#### The data
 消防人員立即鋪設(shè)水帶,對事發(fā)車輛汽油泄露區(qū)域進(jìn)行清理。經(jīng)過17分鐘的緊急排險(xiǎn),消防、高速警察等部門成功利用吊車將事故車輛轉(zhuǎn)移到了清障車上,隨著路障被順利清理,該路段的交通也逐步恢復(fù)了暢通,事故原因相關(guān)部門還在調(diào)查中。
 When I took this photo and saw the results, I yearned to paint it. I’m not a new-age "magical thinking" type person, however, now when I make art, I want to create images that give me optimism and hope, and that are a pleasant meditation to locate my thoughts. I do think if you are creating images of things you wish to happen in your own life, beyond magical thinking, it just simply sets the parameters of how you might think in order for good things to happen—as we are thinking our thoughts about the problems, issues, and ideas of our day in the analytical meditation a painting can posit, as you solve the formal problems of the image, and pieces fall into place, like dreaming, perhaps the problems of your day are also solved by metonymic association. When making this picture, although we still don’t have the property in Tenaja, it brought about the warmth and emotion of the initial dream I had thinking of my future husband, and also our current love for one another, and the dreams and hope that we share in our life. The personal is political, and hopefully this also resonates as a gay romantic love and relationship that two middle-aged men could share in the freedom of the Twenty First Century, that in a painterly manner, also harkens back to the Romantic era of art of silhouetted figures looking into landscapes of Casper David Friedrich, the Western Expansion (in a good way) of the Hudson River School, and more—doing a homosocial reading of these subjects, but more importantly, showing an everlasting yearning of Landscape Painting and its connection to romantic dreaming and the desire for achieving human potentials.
########
#### The data
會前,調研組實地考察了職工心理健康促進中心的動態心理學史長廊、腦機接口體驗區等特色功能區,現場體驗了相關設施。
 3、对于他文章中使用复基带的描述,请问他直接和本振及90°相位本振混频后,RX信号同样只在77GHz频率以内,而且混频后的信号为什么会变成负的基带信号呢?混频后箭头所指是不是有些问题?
########
◆ About this exercise
Write out, from the lines above, only those from the line with "會前,調研組實地考察了職工心" to the line with "3、对于他文章中使用复基带的", exactly as given, including the first and the last.

◆ Your solution
會前,調研組實地考察了職工心理健康促進中心的動態心理學史長廊、腦機接口體驗區等特色功能區,現場體驗了相關設施。
 3、对于他文章中使用复基带的描述,请问他直接和本振及90°相位本振混频后,RX信号同样只在77GHz频率以内,而且混频后的信号为什么会变成负的基带信号呢?混频后箭头所指是不是有些问题?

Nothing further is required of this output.